Can you tell me how many pots of gold to search for
before I realise I am entirely sure the rainbow is just strips of light
that mean only one short moment of delight
before despair sets in again?
You can tell me nothing, because I am nobody to you.
Yet once I made the rainbow for you, and when it rained
I kept you dry.
I don’t know where your heart beats now, or who it beats for.
You don’t know who I cry for, because you do not know yourself.
You never did.
The sounds around you lent you someone I could not recognise.
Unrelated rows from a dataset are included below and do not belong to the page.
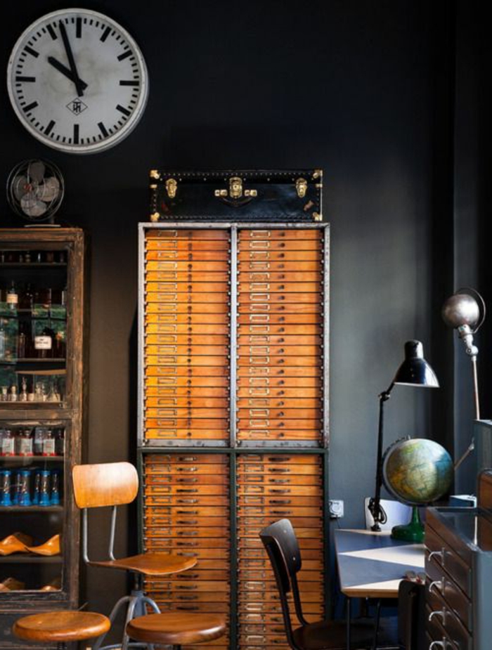Arbeitszimmer Schrank Koffer Schreibtisch Leselampe Globus Schubladen Regale Ventilator alte Wanduhr
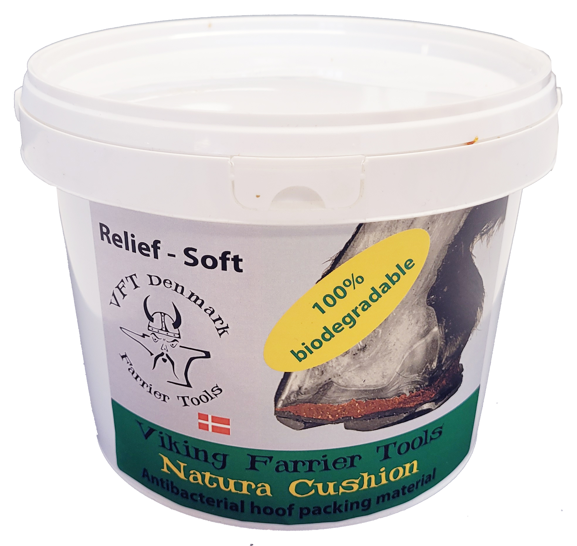 Relief er også veegnet til at fylde i gamle sømhuller, den hvide linei og andre hulle i hoven til at forebygge mod balkterie og svampeangreb
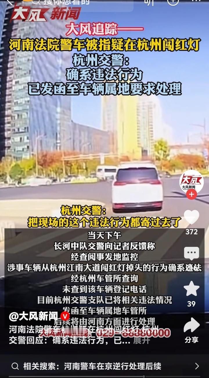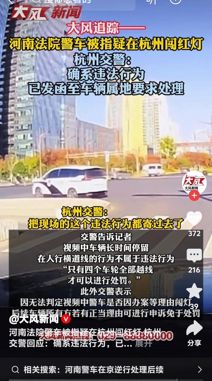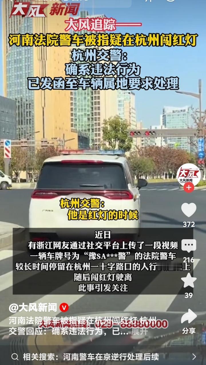 河南法院警车杭州街头闯红灯真相曝光!交警一纸公函揭开跨省执法特权遮羞布,网友怒问
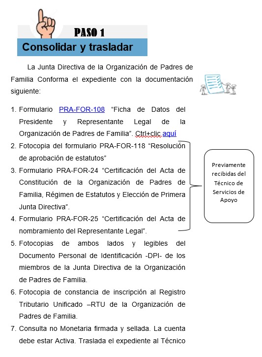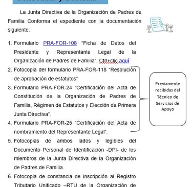Entregue la documentación necesaria de acuerdo a la lista de cotejo véala aquí. El Técnico de Servicios de Apoyo y/o Facilitador de Organización Escolar Recibe el expediente, verifica que toda la documentación esté completa y en orden, y lo traslada al Departamento/Sección de Organización Escolar de la DIDEDUC(GUATEMALA, 2018)
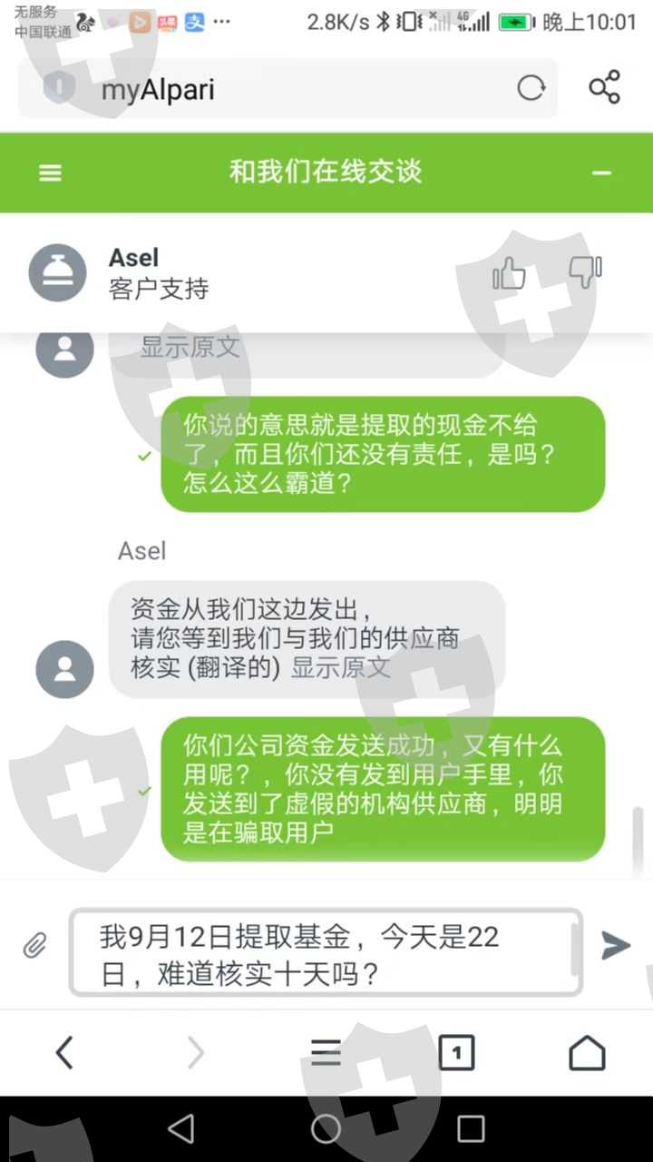 我在Alpari平台,注册交易并且获得了利润,当我提取资金时,多日未能到账,和客服联系时,他们总在拖延

The skyscrapers were ours no more,
and our hearts beat in different hills.
Now I know you never could have shared those mountains,
that they were mine alone.
I have tried to climb,
but my legs have turned so weary.
I wonder, can I keep on climbing?
Even walking this new path has me dried up, my turn has gone.
Now I must stand still.
Perhaps the stillness will be my companion.
It is loneliness I never imagined the mountains would allow.
I dream of being back, when they were friends.
But dreams are not rainbows, because they hold no magic.
I must now find solace in solidity.
I must realise cold hard earth has beauty , too.
And I must carve it into something small, but real.
The mountains have crumbled, the skyscrapers are dust,
I have only this, this cold red clay, and when it rains,
I will shelter alone.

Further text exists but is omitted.